Ms. Clark wrote a letter to Prime Minister Justin Trudeau last week, asking him to impose a ban on thermal coal exports from B.C. ports. The commodity goes into coal-fired plants to generate electricity. On Tuesday, Ms. Clark threatened to go further if Ottawa doesn't comply.

Instead of relying on Ottawa to ban thermal coal exports from B.C. ports, the BC Liberal party devised its own strategy for the province to place a carbon levy of nearly $70 a tonne on thermal coal exports. With prices for the commodity languishing around $100 a tonne, the proposed levy would render such exports uneconomic and inflict deep financial losses on producers if they chose to continue shipping overseas to Asia, industry experts say.

Cameron Ahmad, press secretary to Mr. Trudeau, said in a statement on Tuesday: "I can only comment on the Premier's earlier request to the Prime Minister: We will always consider – carefully and seriously – any request from a Premier."

Most of the thermal coal exported last year from privately owned Westshore Terminals Investment Corp.'s facility south of Vancouver originated from U.S. mines in the Powder River basin in Wyoming and Montana. By contrast, federally owned Ridley Terminals Inc. on British Columbia's north coast handled thermal coal mined in Alberta.

Ms. Clark is not targeting metallurgical (or coking) coal, a key ingredient for making steel.

Ridley, located in the Port of Prince Rupert, handled 2.2 million tonnes of thermal coal last year, accounting for 55 per cent of the coal facility's total exports. Coal Valley Resources Inc., owned by Colorado-based Westmoreland Coal Co., runs a thermal coal mine in Alberta that sends shipments via Canadian National Railway Co. for export through Ridley.

A Ridley official declined comment about Tuesday's announcement by Ms. Clark. Westshore wrote its own letter last week to Mr. Trudeau, urging him to reject Ms. Clark's request for a ban.

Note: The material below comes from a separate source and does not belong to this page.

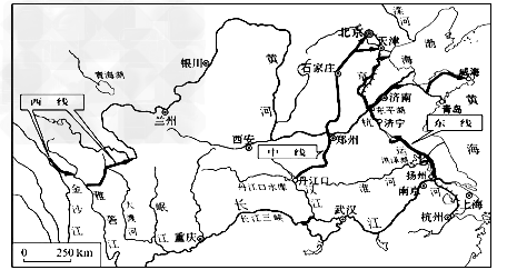 4、单选题 图为南水北调工程线路示意图,读图完成1~2题。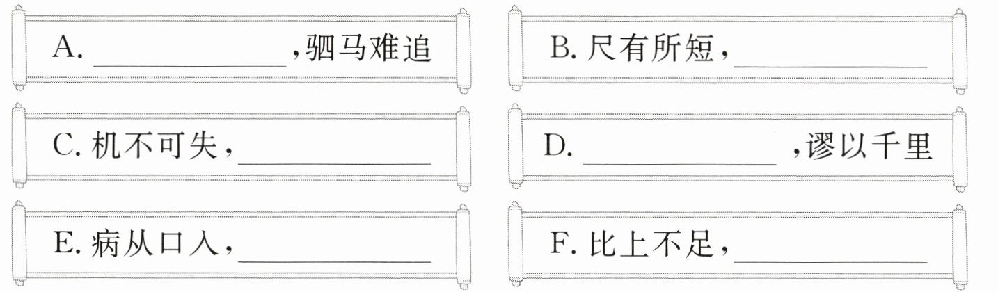 A.一言既出 B.寸有所长 C.时不再来 D.差之毫厘 E.祸从口出 F.比下有余 1.E 2.B 3.D

"Should the federal government not implement a thermal coal ban, a re-elected BC Liberal government will develop regulations under the Greenhouse Gas Industrial Reporting and Control Act to ensure all thermal coal shipped to B.C. terminals is subject to a carbon price – approximately $70 per tonne," the BC Liberal Party said in a release. "That reflects the greenhouse gas emissions caused by the extraction, processing, transportation and combustion of thermal coal through a B.C. terminal."

Last year, Westshore had almost 6.6 million tonnes of thermal coal exported from its site, or one-quarter of the terminal's total volume. The bulk of shipments of thermal coal at Westshore originated from U.S. mines, said Clark Williams-Derry, director of energy finance at the Sightline Institute, a Seattle-based environmental think tank.

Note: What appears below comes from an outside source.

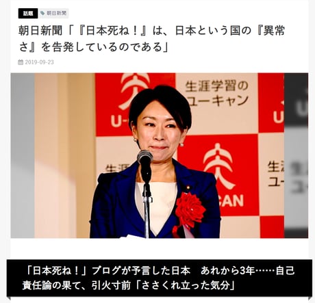 日本ヘイトを徹底した朝日新聞ならではの社論を背景に、この手の汚い記事が数多く書かれていた。報道でなく、報道を装った扇動であるプロパガンダ・メディアの本質を体現した記事だ。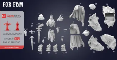 - The model includes multiple variants of the cloak, sword, and boots (divided and solid) to help you achieve the cleanest 3D printed result possible;

With Ms. Clark is describing the carbon levy as a way for Alberta to join B.C. to help battle climate change, Mr. Williams-Derry is forecasting prohibitively costly shipments if the BC Liberals win re-election.

"A fee of this magnitude would make it financial suicide for a coal company to export to Asia from B.C.," he said.

One of the U.S. customers at Westshore is Wyoming-based Cloud Peak Energy Logistics LLC, which uses Burlington Northern Santa Fe Corp.'s rail service to export through Westshore.

Coal export proposals in the United States have either been suspended by proponents, blocked by government officials or run into fierce opposition from environmentalists in the U.S. Pacific Northwest, notably in Washington state and Oregon.

The Trump administration, however, has pledged to breathe new life into the struggling American coal industry.